The WWC conservation concession is the only REDD+ project certified to sell carbon credits on the voluntary market in DRC. Image courtesy of RRI.

Stewards of the forest

To Gauthier’s mind, REDD+ coordinators could be using that legal basis as a way to secure land rights.

“They’re overlooking the opportunity of having community concessions being involved in REDD+,” she said, “giving communities the opportunity to be REDD+ holders themselves and to be the first to benefit from REDD+ money.”

Karsenty agreed that conservation concessions like the one run by WWC seemed to run counter to the aims of REDD+ in that they required the removal of people’s rights to the forests.
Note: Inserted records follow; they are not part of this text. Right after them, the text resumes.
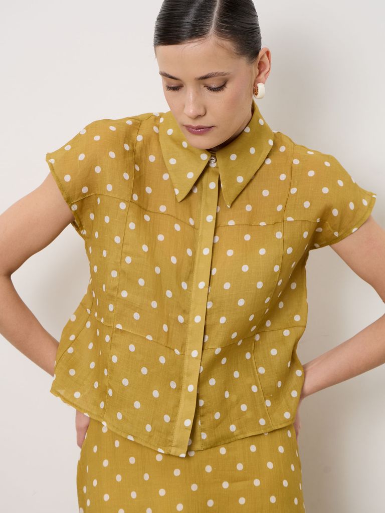 Модель с аккуратным отложным воротником и короткими рукавами. Застёжка на пуговицы по передней планке делает блузу удобной и практичной. Классический принт в горошек придаёт образу лёгкость и ретро-эстетику, а лаконичный крой подчёркивает элегантность изделия.
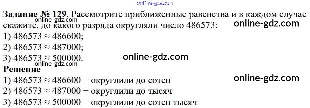 Готовые домашние задания по Математике за 5 класс Учебник Дорофеев, Шарыгин 2015 - 2.4. Округление натуральных чисел Глава 2. Натуральные числа 129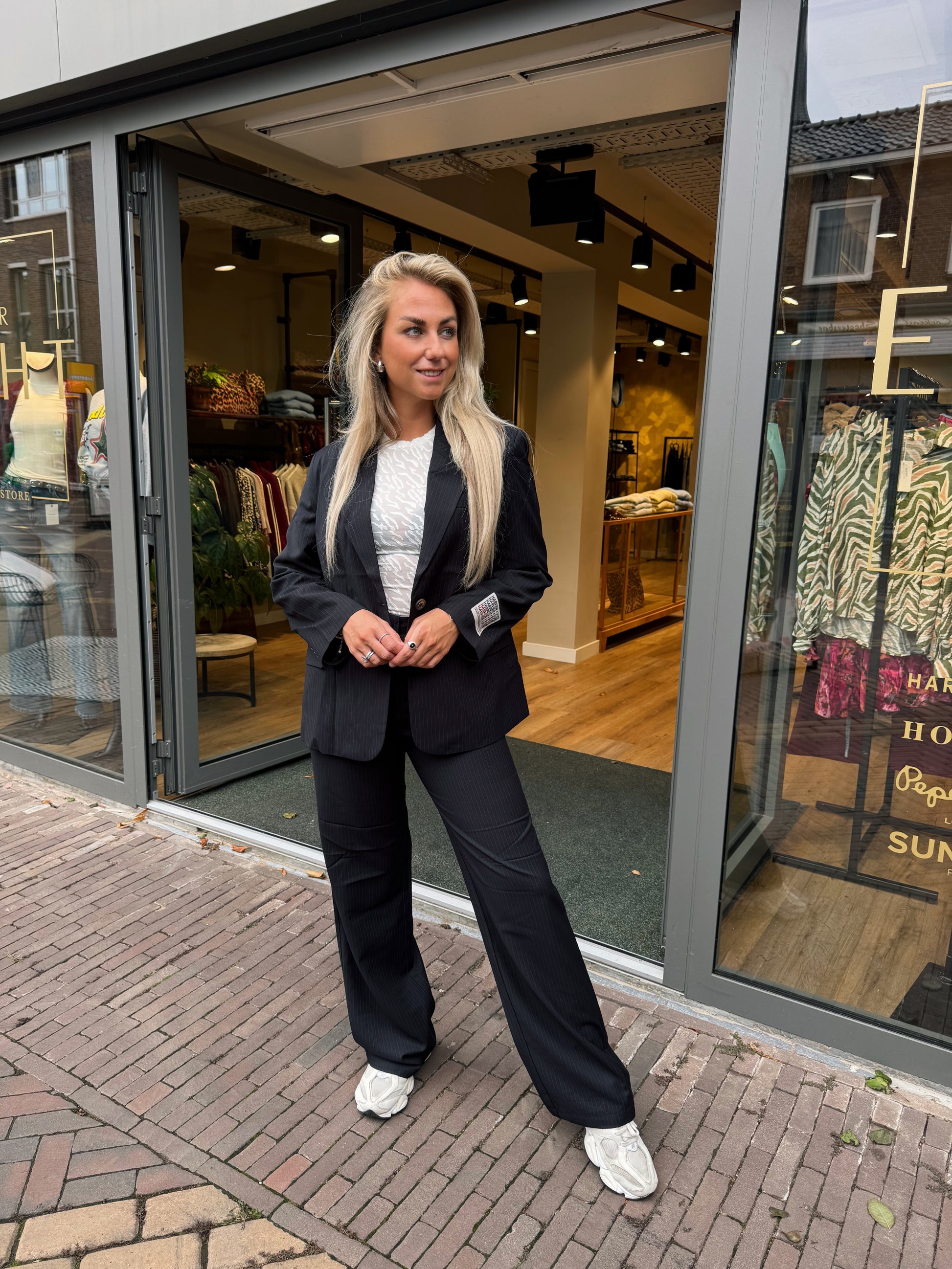 Een pantalon met een hele mooie fit, subtiele krijtstreep maar weinig stretch.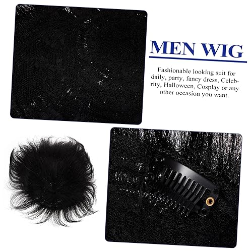 Male Hairpiece Bald Covering Wig Piece Natural Black Human Hair Extension for Men Realistic Topper Replacement Breathable Comfortable Design

What’s more, they could spur what economists call “leakage” — in this case, perhaps shifting deforestation from the cordoned-off area to another area of forest.

“I would prefer to incentivize farmers based on the recognition of their land rights,” he said. Karsenty said he is involved with payment-for-ecosystem-services, or PES, projects in Burkina Faso, and securing land rights was critical to the investment in getting farmers to change their behaviors, for example, to increase the productivity of their fields.

To Gauthier, it’s about empowerment of the local people — what she called “the key to a successful process.” And that means two-way communication between REDD+ project coordinators and communities, whom research continues to show can be superlative stewards of forest ecosystems if given the chance.

Research shows that local communities and indigenous groups can be among the best stewards of forests. Photo by Kelby Wood © If Not Us Then Who?

“It’s a matter of listening to them,” she said. “Communities, especially indigenous peoples, have developed traditional forest management systems for thousands of years, and if, instead of imposing solutions on them, you actually go and listen to their solution, this could be a good way of protecting the forests.”

At this point in DRC, “all is not lost,” Andy White of RRI said in the statement. In the view of RRI and others, REDD+ still offers the potential to protect forests. But the approach needs to change if REDD+ is going to avoid the problems that other forms of land development have caused in Mai-Ndombe.

“It is not too late,” White said. “Recognizing community land rights and engaging local communities would ensure that this grand experiment underway in the world’s remote rainforests can succeed, unlocking all of the benefits that come with strong forests and forest protectors.”

Banner image of farmers in DRC by Kelby Wood © If Not Us Then Who?
Correction (Mar. 16, 2018): A previous version of this article incorrectly stated that RRI includes governmental organizations. We regret the error.